MOSES IN MIDIAN

By: Ely Lagajino

And after you have suffered a little while, the God of all grace, who has called you to his eternal glory in Christ, will himself restore, confirm, strengthen, and establish you. 1 Peter 5:10  (ESV)

Moses flees from Egypt. He crosses the long desert and reaches Arabia, particularly the Midian country, located at the southern point of Mount Horeb. Midian is the fourth son of Keturah, Abraham’s wife, after the death of Sarah. 

Upon arrival, Moses looks for a well of water to quench his thirst and regain his strength while waiting for acquaintances. Then, seven ladies arrive to water their sheep. As they fetch water, they stare at the handsome Egyptian once in a while. Suddenly a group of loud shepherd bullies appear and harass the ladies with their sheep to provide water for their own sheep.

Moses waits for an opportunity. Then he pushes out the water boys in favor of the ladies who came ahead of them. With his strength as an Egyptian military general, the water boys become waterless boys, for they cannot equal the stranger’s power.

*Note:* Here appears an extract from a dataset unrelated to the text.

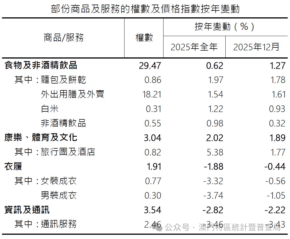 2025年第4季综合消费物价平均指数同比上升0.67%,甲类及乙类消费物价平均指数分别上升0.61%及0.72%;与2025年第3季比较,综合消费物价平均指数上升0.27%。

When the ladies reach home, their father, Jethro, a priest of Midian questions them. “Why did you come back so early this afternoon?” 

“There were bullies at the well, Father, but a strong and handsome Egyptian man defended us.” The ladies chorus. 

“But that’s impossible, why would an Egyptian help Midian women? Where is this Egyptian man, you say?” 

“He’s at the well, Father.” 

“Go, invite him to stay with us.” Jethro insists.

By defending Jethro’s daughters Moses, a Hebrew, not an Egyptian, gains a meal, and not very long, a wife, and an overseas job. He marries Zipporah, one of the daughters, and he becomes a shepherd like them.

In Egypt, Moses wanted to liberate the Israelites, but he was not prepared for the work. He needs to learn the lesson of faith, not to rely on human strength but on God’s power.

As a shepherd in Midian, Moses is trained for compassion, patience, and forgiveness (PP p.258). God allows him 40 years in Midian to prepare for the great task ahead.